Lesson Learned #404: Understanding and Addressing 100% Worker Utilization
Published Jul 20 2023 07:53 AM 5,863 Views

Introduction:

 

Worker utilization is a critical aspect of Azure SQL Database performance. When the percentage of workers reaches 100%, it can lead to database unresponsiveness, impacting application performance and user experience. In this comprehensive article, we will explore the reasons behind 100% worker utilization and provide detailed solutions to optimize and enhance the performance of your Azure SQL Database.

 

Understanding Worker Utilization in Azure SQL Database:

 

Workers in Azure SQL Database are responsible for executing queries and processing various tasks.

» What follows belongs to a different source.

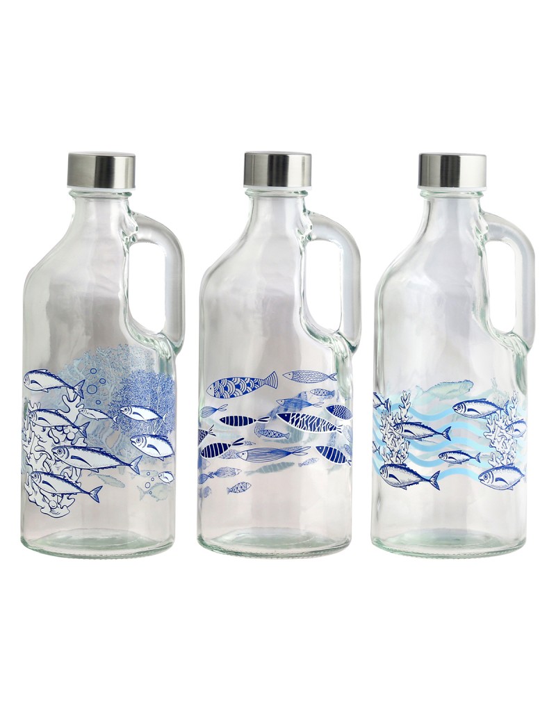 Pichet bouteille en Verre 25cm Décoration Poisson Bleu avec bouchon métallique
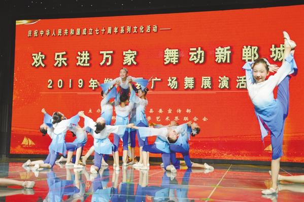 近日,以“歡樂進(jìn)萬家 舞動新鄲城”為主題的2019年鄲城縣廣場舞展演活動在單程縣融媒體中心演播廳舉行。來自全縣各個鄉(xiāng)鎮(zhèn)的20支代表隊依次登場,參賽隊員身著統(tǒng)一服裝,隨著優(yōu)美的旋律翩翩起舞。記者 徐松 通訊員 朱應(yīng)召 攝

Each worker represents a logical thread that can handle a specific request. When the worker utilization reaches 100%, it indicates that all workers are occupied, and any new requests will have to wait until a worker becomes available.

 

Reasons for 100% Worker Utilization:

 

  1. Incorrect MAXDOP Setting: The Maximum Degree of Parallelism (MAXDOP) determines the maximum number of processors that can be used to execute a query in parallel. An incorrect MAXDOP setting can lead to inefficient resource utilization and a higher worker workload.

  2. Excessive Concurrent Connection Attempts: A large number of simultaneous connection attempts can overwhelm the system, depleting available workers and impacting performance.

  3. Numerous Concurrent Requests with Slow Responses: Slow queries and long-running requests can accumulate and increase worker utilization.

  4. Automatic Update Statistics: Azure SQL Database has a feature called AUTO_UPDATE_STATISTICS that automatically updates query statistics for tables when certain thresholds are met. Outdated statistics can lead to poor query performance, causing excessive worker utilization.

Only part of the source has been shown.